The process does matter in the outcome of the end result. And yes the analogy holds for drilling holes. Think about and break it down.
Mark Hudon

Trad climber
Hood River, OR
Apr 27, 2010 - 11:25am PT
Jeez, you guys have been busy (while I was out climbing in Yosemite for the last 4 days, hint, hint). It's going to take me forever to catch up on all of this.
Hawkeye

climber
State of Mine
Apr 27, 2010 - 11:34am PT
DMT if you ride the bus you are lesbian, as in "she rides the bus". and therefore you are confused about sexuality and will arrive in bishop and hook up with another lesbian climbing chick who is a quite the dyke and she will kick your a$$ for being so soft but you will both have fun doing it and then the consideration of who drilled who from the top wont matter cuz you will both be smiling.
Ricardo Cabeza

climber
All Over.
Apr 27, 2010 - 11:59am PT
Mark, did you climb GU?
Mark Hudon

Trad climber
Hood River, OR
Apr 27, 2010 - 12:20pm PT
Rap bolted aside, on my best day, I could probably not climb GU. I did have loads of fun on the Nabisco Wall, the start of the Nose and the start of Freeblast though!
Ricardo Cabeza

climber
All Over.
Apr 27, 2010 - 12:23pm PT
But, but, you're Mark Hudon and you're a badass! :)

Just teasing man, glad you had a productive Valley trip!

EDIT; Pictures Mark!
bmacd

Trad climber
Beautiful, BC
Apr 27, 2010 - 12:40pm PT
A quick question - has "growing up" been ascended by any party from the ground to the top, with fixing or a bivy or in one shot ??? Rapping in and doing the upper section on its own doesn't count

Yes or no.

If yes then who ?
tradmanclimbs

Ice climber
Pomfert VT
Apr 27, 2010 - 12:40pm PT
What a bunch of wankers. 3 years of bitching and no one has even repeted the damn thing..
the Fet

climber
Tu-Tok-A-Nu-La
Apr 27, 2010 - 12:41pm PT
Someone would have eventually done SB without fixed ropes.

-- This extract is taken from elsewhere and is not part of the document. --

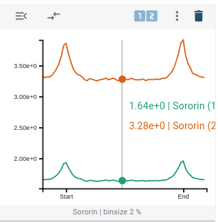 When an off-diagonal genomic region set (imported using BEDPE-files) is used, the widget will display icons (squared 1 and 2) for displaying left and right support data. These icons are not be displayed for 2d-feature heatmaps. Depending on the widget type, displaying left and right support may be mutually exclusive, and clicking the icons will toggle the displayed support.

Of course rap bolting is more of a stylistic transgression than fixed ropes but someone could always do the FA in better style unless you do a barefoot free solo.
Gary

climber
Desolation Basin, Calif.
Apr 27, 2010 - 12:44pm PT
The Chief:
Integrity of Style & Principal.

When it suits you, The Chief?

The Chief:
Right or wrong don't mean shit!
dustonian

climber
RRG
Apr 27, 2010 - 12:45pm PT
And maybe someday figure out a way to actually free the rappel-installed (!!) 60' A0 bolt ladder and pendulum too!
Ihateplastic

Trad climber
It ain't El Cap, Oregon
Apr 27, 2010 - 12:51pm PT
the Fet

climber
Tu-Tok-A-Nu-La
Apr 27, 2010 - 12:51pm PT
you guys seem to take the position that the process of getting something done is irrelevant from the final result.

No, it seems to me the question for this particular route is what it more important the final result or how it got done? i.e. should the route have been done ground up in a better style, but the route would have had holes leading to nowhere, and sparse protection (like all the other free routes on the face), or should it have been done like it was sacrificing style on the first ascent to create a route that followed the best line up and allowing enough protection that more than one party a decade will climb it.

Edit: it seems the FA party deliberated long and hard on this question and chose the latter.
Bob D'A

Trad climber
Boulder, CO
Apr 27, 2010 - 12:51pm PT
Chief...you are wanker..lead by example and go do a better job on a route of same difficulty. It a big wide open face.

Bachar had the right to his opinion...just like the rest of us.